Support and operate Legion’s AWS-based cloud platform and Kubernetes (EKS) environments.
Leverage GenAI tools (e.g., Claude Code, Codex, or similar) to accelerate infrastructure development, automation, and auto-remediation of common production issues.
Build and maintain infrastructure-as-code using Terraform.
Develop automation and internal tooling using Go or Python.
Improve CI/CD pipelines to increase deployment safety and velocity.
Define and improve monitoring, alerting, and observability systems.
Respond to production incidents, conduct root cause analysis, and implement systemic improvements.
Develop and automate operational runbooks and remediation workflows.

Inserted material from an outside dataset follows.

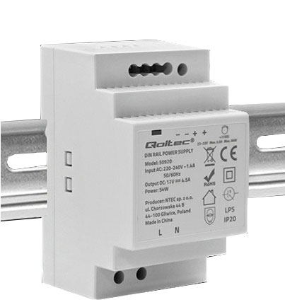 ZASILACZ PRZYSTOSOWANY DO MONTAŻU NA SZYNIE DC 12V/ 4,5A

Support production deployments, including during off-hours as needed.
Requirements
8+ years of experience in SRE, DevOps, or SaaS production operations.
5+ years of hands-on experience operating large scale production workloads in AWS.
Strong experience with Terraform and infrastructure-as-code practices.
5+ years of experience with containerized environments using Docker and Kubernetes (EKS preferred); familiarity with Helm.
Proficiency in Go or Python (or similar programming language).
Experience building and maintaining CI/CD systems (Git-based workflows, Argo, Jenkins or similar).
Strong Linux/Unix systems experience.
Bachelor’s degree in Computer Science or equivalent practical experience.